Events, however, brought not another smile, but what I thought were clear glimpses of tears in the Frenchwoman’s eyes. Having spent an hour or so running to nearby restaurants and local villagers’ homes, our waiter came back to announce something that impressed us all in the midst of our discussion on the virtues of local sage and oregano. He told us that he had found some skewers he thought were new, but he could not be sure or vouch for their chastity, which meant that we faced another problem in proving to a nation of gourmets that our way of cooking lamb is unsurpassed even by master-chefs from the court of Louis XIV. My compatriot came to my aid again, saying that he would make the man behind the grill use wooden sticks as skewers.

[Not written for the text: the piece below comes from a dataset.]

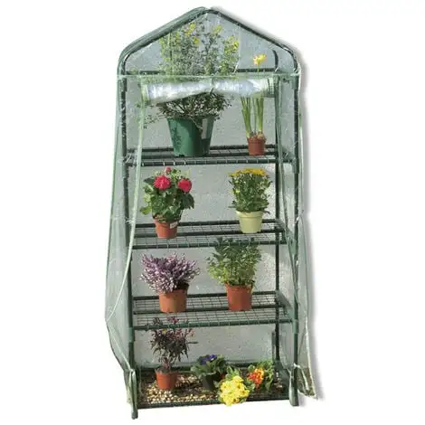 Mini serre pour balcon sur 4 étages, le Balcony 4, muni de sa couverture transparente en PVC vous permettra à la fois de ne pas perdre de place sur votre balcon ou terrasse mais aussi et surtout de couvrir vos semis et plantes durant l’hiver. 4 étagères amovibles. Couverture en PVC transparent avec porte équipée de zips. Dimensions : hauteur 1,58 m largeur 70 cm profondeur 50 cm.

As for the tears I thought I saw, I believe they were drawn by the boy’s integrity. The lesson of this episode was that honesty was still an important notion in this country, as Eugene Costello, British traveller and journalist, termed it. The boy could easily have claimed that the skewers he had found were indeed new and met the client’s requirement. I will never know whether it was the admiration that the Quban boy felt for the foreign lady’s respect for her creed, or if it was the recognition of a good deed that the boys in those mountainous villages learn from their mothers’ lullabies. It felt like he had just made the choice that would be natural to him throughout his life. I learnt another lesson about indispensable integrity from an adolescent boy in the north of Azerbaijan… and I loved every bit of it.

‘The three things’ quiz

In those two weeks of discovering Azerbaijan through the eyes of western journalists we had many a conversation about what had impressed my guests the most.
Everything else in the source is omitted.